As part of its new mandate to back higher-budget films, the Danish Film Institute has awarded its largest-ever feature film production grant - DKK 16m ($2.4m) - to Ole Bornedal’s new film.
The World War II drama Shadows In My Eyes is about the real-life tragedy of 1945, when instead of bombing the Gestapo headquarters in Copenhagen, the Royal Air Force mistakenly hit the French school, killing several children and nuns.
Danish broadcaster TV2 and SF Studios are also backing the film with a total budget of $8.6m.
Jonas Allen and Peter Bose produce for Miso Film.
The film will start shooting in late autumn for seven weeks, mostly in Prague with some work in Copenhagen.
SF will release in the Nordics, with a launch slated for autumn 2020.
The producers are currently in discussions with sales companies.
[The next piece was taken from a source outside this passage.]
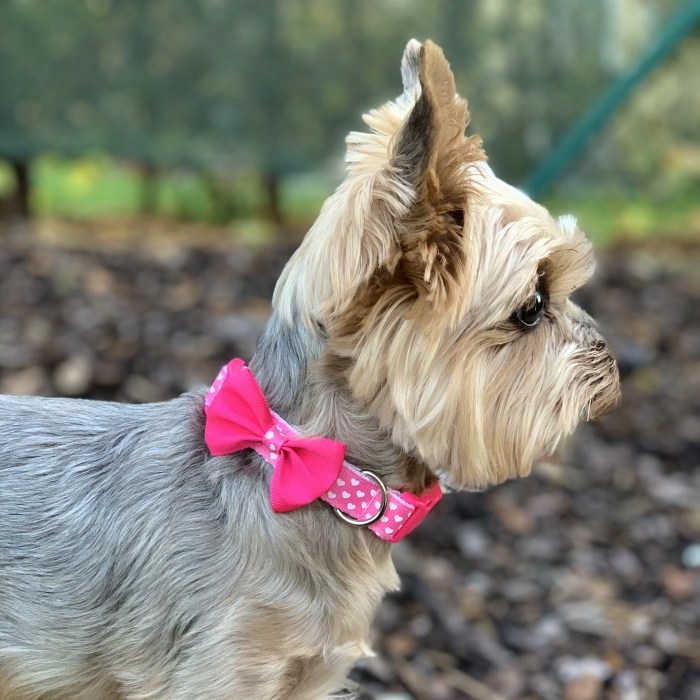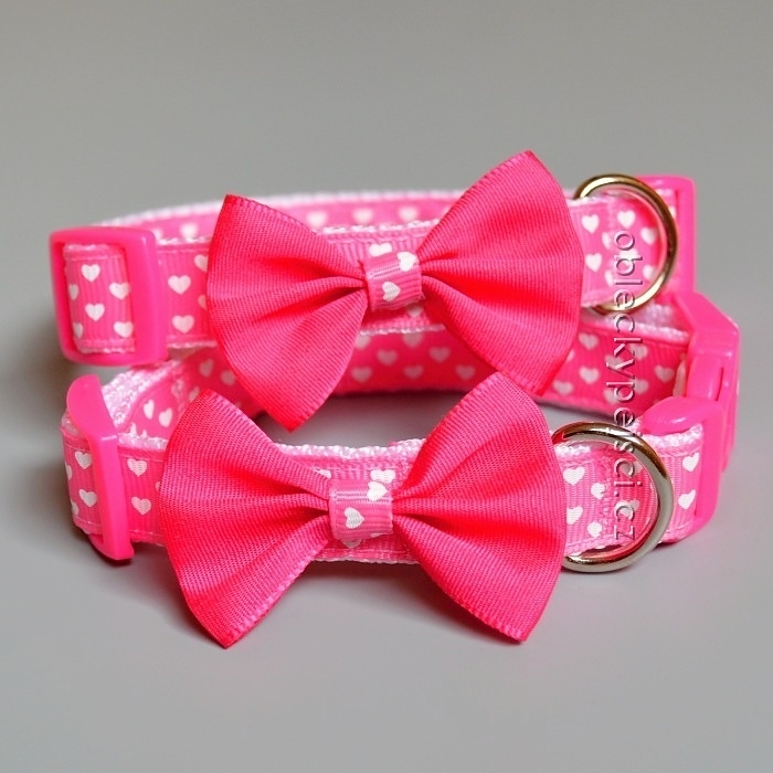 Obojek růžový s bílými srdíčky a růžovou mašličkou

Bornedal said: “Shadows In My Eyes is about children. It’s seen through the eyes of children, from that perspective, and with the sense of wonder that children must observe a grotesque world around them. It’s the story of innocence versus machines. Of the child who falls victim to the horrors of coincidence.”
Bose added: “Shadows In My Eyes is an epic film with international potential, and we are proud that The Danish Film Institute has awarded it one of the biggest production grants to date.”
Yaba Holst, head of Nordic acquisitions at SF Studios, said: “Shadows In My Eyes is an irresistible, grand, epic film, which will touch large audiences. The real and true story, coupled with Bornedal’s engrossing and heartbreaking script, is sure to attract a lot of international interest in the film.”
Miso Film is a frequent collaborator with Bornedal, including on Small Town Killers, The Way to Mandalay and TV series 1864. Miso is currently producing season two of Netflix hit The Rain.
Under Denmark’s new Film Agreement, the DFI will support up to three higher-budgeted films per year.